TASK TO COMPLETE. Return every line from the one with "1. Tijorat logistikasi" through the one with "Descripción: LA FAYETTE, Marie-Joseph-Paul-Yves-Roch-Gilbert", inclusive, exactly as it appears below.

───── EXTRACTED DATA

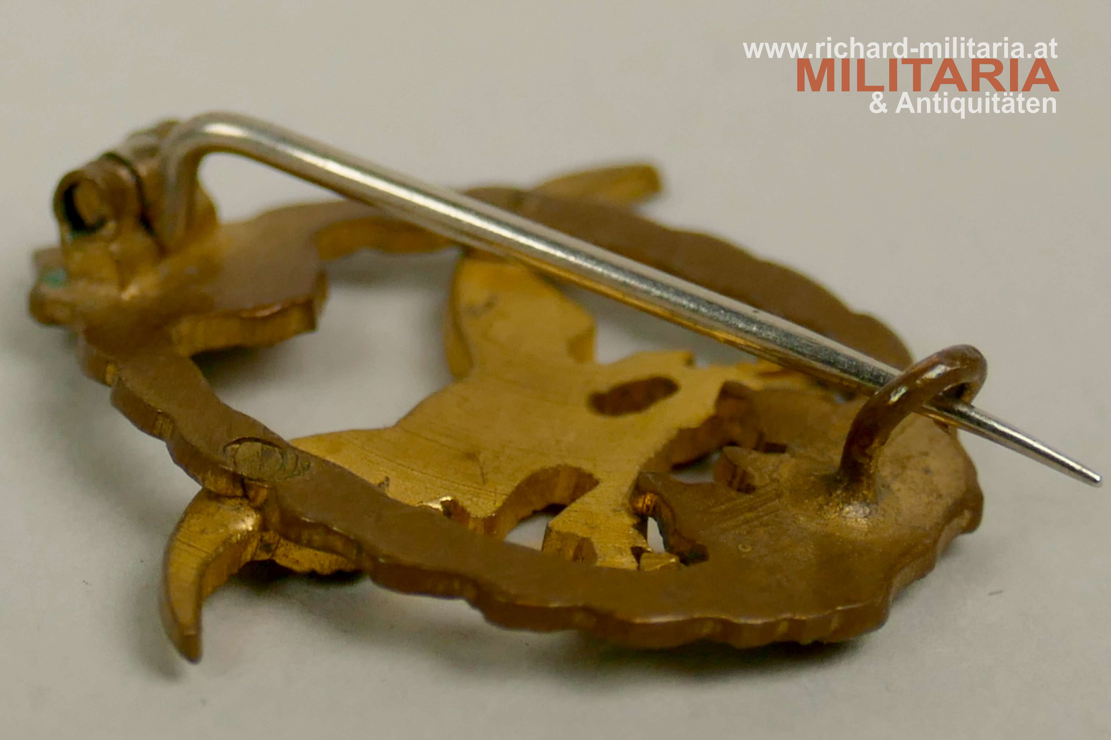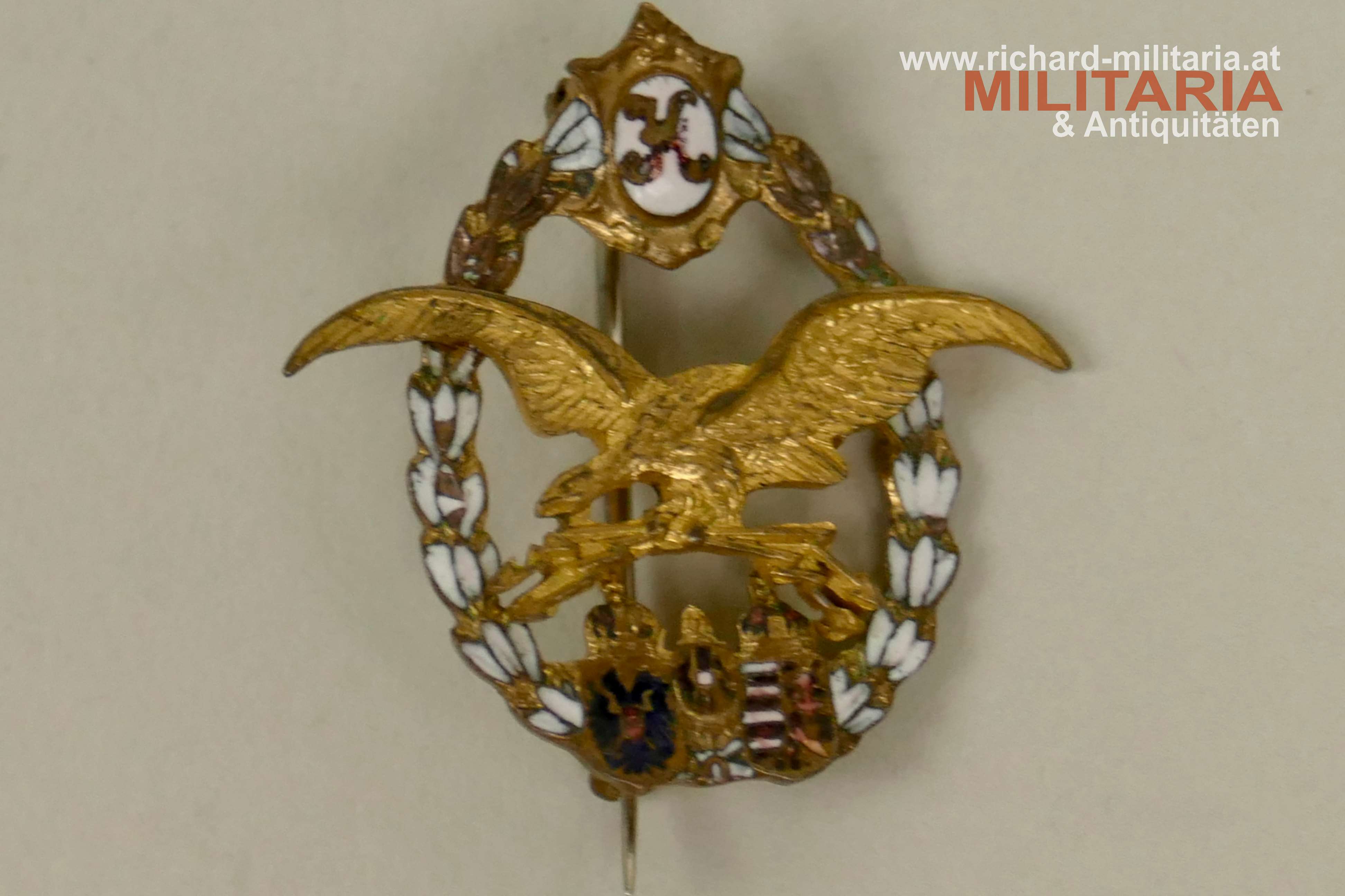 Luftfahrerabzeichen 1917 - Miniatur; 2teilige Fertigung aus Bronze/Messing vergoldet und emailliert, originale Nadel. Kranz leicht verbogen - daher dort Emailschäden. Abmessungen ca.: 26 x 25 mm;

──────────
───── EXTRACTED DATA

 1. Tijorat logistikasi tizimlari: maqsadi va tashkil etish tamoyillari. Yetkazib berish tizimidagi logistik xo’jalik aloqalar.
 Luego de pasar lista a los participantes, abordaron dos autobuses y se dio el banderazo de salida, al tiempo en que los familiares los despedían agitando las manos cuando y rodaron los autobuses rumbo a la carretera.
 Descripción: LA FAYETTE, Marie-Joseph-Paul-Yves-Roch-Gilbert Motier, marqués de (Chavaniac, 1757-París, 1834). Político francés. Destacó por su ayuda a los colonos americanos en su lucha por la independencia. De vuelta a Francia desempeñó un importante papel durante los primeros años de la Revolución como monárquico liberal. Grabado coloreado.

──────────
───── EXTRACTED DATA

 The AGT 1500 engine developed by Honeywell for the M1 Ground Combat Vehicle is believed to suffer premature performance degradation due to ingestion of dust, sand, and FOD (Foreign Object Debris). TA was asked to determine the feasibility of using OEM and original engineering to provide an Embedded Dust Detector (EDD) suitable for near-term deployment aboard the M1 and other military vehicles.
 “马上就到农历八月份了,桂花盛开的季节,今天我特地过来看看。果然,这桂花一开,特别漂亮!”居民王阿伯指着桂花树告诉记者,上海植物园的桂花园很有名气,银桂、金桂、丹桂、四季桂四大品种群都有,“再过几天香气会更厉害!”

──────────

ANSWER TO THE EXERCISE.
 1. Tijorat logistikasi tizimlari: maqsadi va tashkil etish tamoyillari. Yetkazib berish tizimidagi logistik xo’jalik aloqalar.
 Luego de pasar lista a los participantes, abordaron dos autobuses y se dio el banderazo de salida, al tiempo en que los familiares los despedían agitando las manos cuando y rodaron los autobuses rumbo a la carretera.
 Descripción: LA FAYETTE, Marie-Joseph-Paul-Yves-Roch-Gilbert Motier, marqués de (Chavaniac, 1757-París, 1834). Político francés. Destacó por su ayuda a los colonos americanos en su lucha por la independencia. De vuelta a Francia desempeñó un importante papel durante los primeros años de la Revolución como monárquico liberal. Grabado coloreado.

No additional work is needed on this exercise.